Bin Laden attended schools in Jedda, Saudi Arabia, and was encouraged to marry early, at the age of 17, to a Syrian girl and family relation. She was to be the first of several wives. He attended King Abdul-Aziz University and was slated to join the family business. He soon chose a different path, however.
Former classmates of bin Laden recall him as a frequent patron of nightclubs, who drank and caroused with his Saudi royalty cohorts. Yet it was also at the university that bin Laden met the Muslim fundamentalist Sheik Abdullah Azzam, perhaps his first teacher of religious politics and his earliest radical influence.
Azzam spoke fervently of the need to liberate Islamic nations from foreign interests and interventions, and he indoctrinated his disciples in the strictest tenets of the Muslim faith. Bin Laden, however, would eventually cultivate a brand of militant religious extremism that exceeded his teacher’s.
He began his relationship with fundamental Islamic groups in the early 1970s. His religious passion exploded in 1979 when Russia invaded Afghanistan.
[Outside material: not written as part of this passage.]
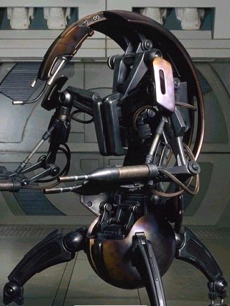 ДРОИДЕКА ДРОИД-УНИЧТОЖИТЕЛЬ (Droideka Destroyer Droid) Тяжеловооружённый дроид, способный превращаться в большое металлическое колесо, чтобы преследовать свою цель. Дроидеки, или дроиды-уничтожители, вооруженые мощными сдвоенными лазерными пушками, - очень мобильное трёхногое оружие, защищённое персональным защитным полем. Для выслеживания жертв они используют разнообразные сенсоры и сканеры; в битве они безжалостны. Детище покрытых хитином коликоидов (Colicoid), дродек можно найти на борту звездолётов Торговой федерации или сражающимимся рядом с боевыми дроидами в армии дроидов. Основной производитель: коликоиды с Коллы VI (Colla VI). Программирование: уничтожать назначенные цели. Размер: 1,83 метра в высоту. Подробное описание Хотя основу армии Торговой федерации всегда составляли боевые дроиды, многие высокопоставленные чиновники осознавали необходимость более серьёзного оружия. Заказ на создание смертельно опасных дроидек поступил коликоидам, жителям Коллы IV. Коликоиды - дикий и кровожадный народ. Система Колла, расположенная во Внешних мирах, пользуется дурной славой за свою опасность, ибо коликоиды склонны похищать и съедать пришельцев - обычай, не внушающий Республике тёплых чувств по отношению к этой расе. Инженеры-коликоиды создали дроидек по свеому подобию. Как и дроидеки, коликоиды способны сворачиваться в плотно сжатые шары. В таком виде они поджидают жертву и, внезапно атакуя, застают её врасплох. Дроидеки защищены закалённой бронзиумовой бронёй, а также великолепным персональным защитным полем. Мини-реактор питает все системы, а ряд сенсоров позволяет дроидеке вести прицельный огонь. Так как дроидеки предназначены только для одной функции, им не нужны манипуляторы, и их верхние конечности оканчиваются сдвоенными бластерами. Дроидеки, произведённые для Торговой федерации, устроены так, чтобы получать все команды со станции управления дроидами. Однако коликоиды поняли, что это уменьшает эффективность дроида и поэтому создали несколько дроидек с программируемыми компьютерными "мозгами". За кадром Руководствуясь тем, как Джордж Лукас описывал сворачивающихся дроидек, директор по дизайну Дуг Чианг начал создавать эти механизмы с переработки утверждённого дизайна боевых дроидов. Представив боевого дроида, способного сворачиваться в шар, Чианг принялся вносить изменения в диазйн. Окончательный вариант был навеян африканскими скульптурами с короткими ногами и длинными туловищами. Как и боевые дроиды, дроидеки из "Эпизода I" были созданы полностью компьютером. Во время съёмок их роль исполняли статисты или неподвижные модели, построенные на ILM.

Bin Laden left his comfortable Saudi home for Afghanistan to participate in the Afghan jihad, or holy war, against the Soviet Union — a cause that the United States funded, pouring $3 billion into the Afghan resistance via the CIA.
Turning Against the Saudi Elite
His active opposition to the Soviet Union and his monetary support in purchasing arms, establishing training camps, and building houses, roads and other infrastructure, cemented his position as a hero among many people.
In 1988, he and the Egyptians founded al Qaeda, (“The Base”), a network initially designed to build fighting power for the Afghan resistance.
Bin Laden’s politics became more radical during the war. Upon returning to his home in Saudi Arabia, he was widely honored as a hero. But he returned to a country that he perceived had stepped away from the fundamentals of Islam. He declared the Saudi ruling family “insufficiently Islamic” and increasingly advocated the use of violence to force movement toward extremism.
Bin Laden saw American influence in Saudi Arabia as counter to everything he believed. He fell into disfavor with the Saudi government and moved his family to Sudan where he established terrorist camps — training and equipping terrorists from a dozen countries.
Bin Laden would not compromise his religious beliefs and after three years of continued criticism of the Saudi royal family, his own family disowned him.
Saudi Arabia stripped bin Laden of his citizenship in the mid-’90s for his alleged activities against the royal family, after he had left the country for Sudan. He later was expelled from Sudan under U.S., Egyptian and Saudi pressure. In 1996, he took refuge in Afghanistan.
Back to Afghanistan
Former mujahideen commanders close to the Taliban said that, in Afghanistan, bin Laden bankrolled the hard-line Islamic militia’s capture of Kabul under the leadership of Mullah Mohammed Omar. He became one of Omar’s most trusted advisers.